Given data
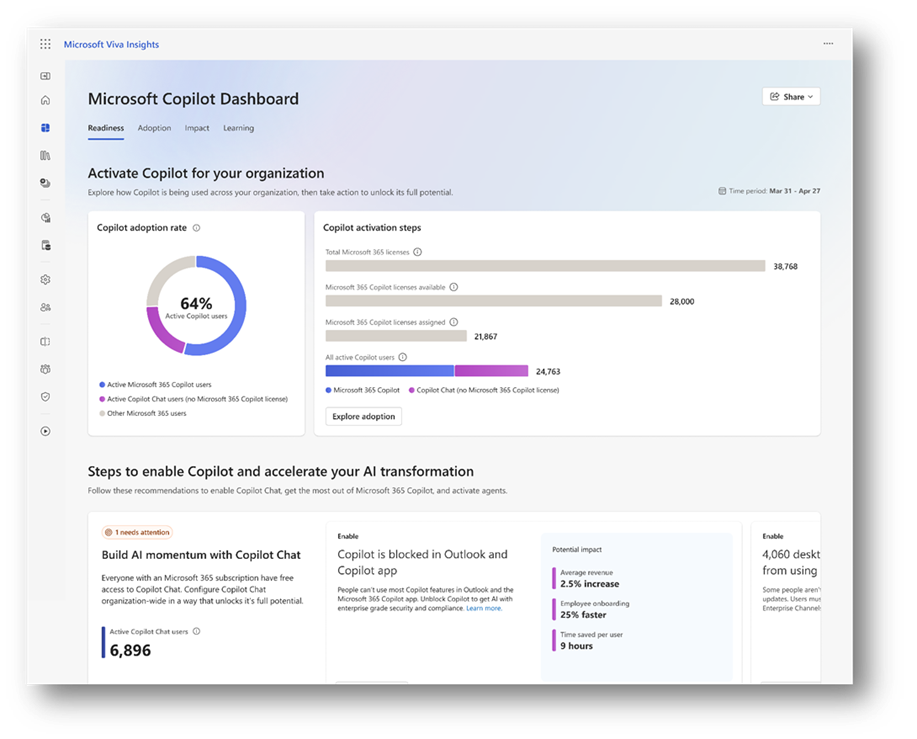 - Readiness Recommendations: Get tailored guidance to maximize Copilot, Copilot Chat, and agent utilization in a revamped readiness page in the Copilot Dashboard.
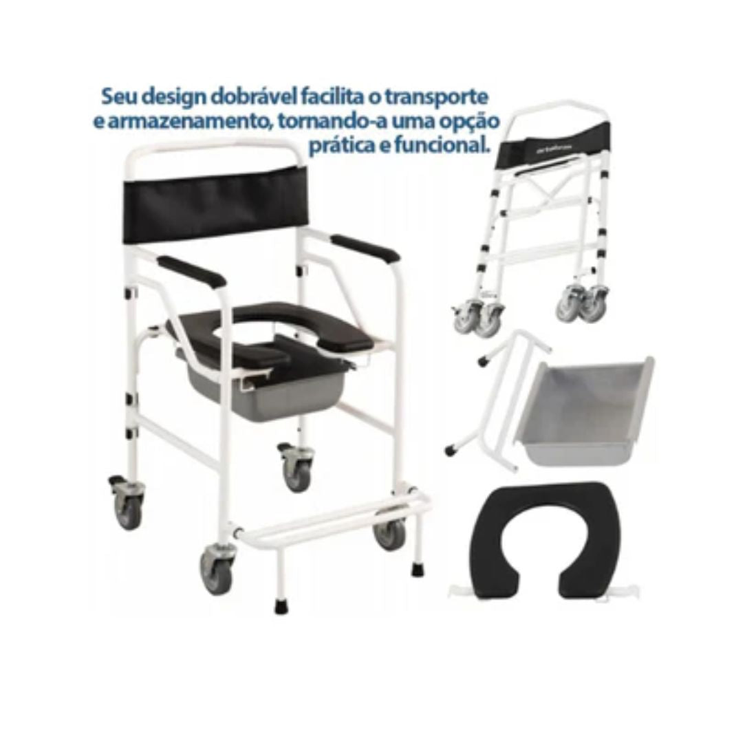 Cadeira de banho dobrável e resistente, com estrutura em aço, assento higiênico com abertura sanitária e comadre/balde coletor removível. Ideal para quem busca segurança, praticidade e conforto na rotina de higiene.
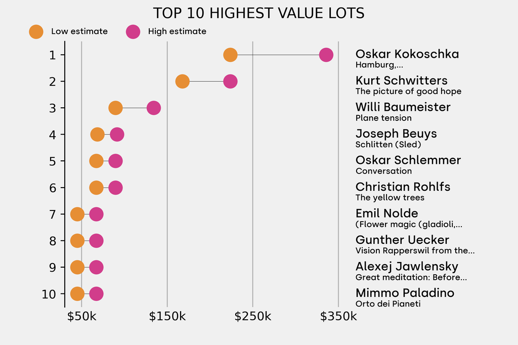 The highest-value lot announced is: Oskar Kokoschka, Hamburg, Binnenalster/Jungfernstieg (1926), which is estimated to sell for between $223,700 and $335,600. It has been traded 7 times in the past.

Exercise aim
The expected output is the complete listing, word for word, without any picture.

Response below
 - Readiness Recommendations: Get tailored guidance to maximize Copilot, Copilot Chat, and agent utilization in a revamped readiness page in the Copilot Dashboard.
 Cadeira de banho dobrável e resistente, com estrutura em aço, assento higiênico com abertura sanitária e comadre/balde coletor removível. Ideal para quem busca segurança, praticidade e conforto na rotina de higiene.
 The highest-value lot announced is: Oskar Kokoschka, Hamburg, Binnenalster/Jungfernstieg (1926), which is estimated to sell for between $223,700 and $335,600. It has been traded 7 times in the past.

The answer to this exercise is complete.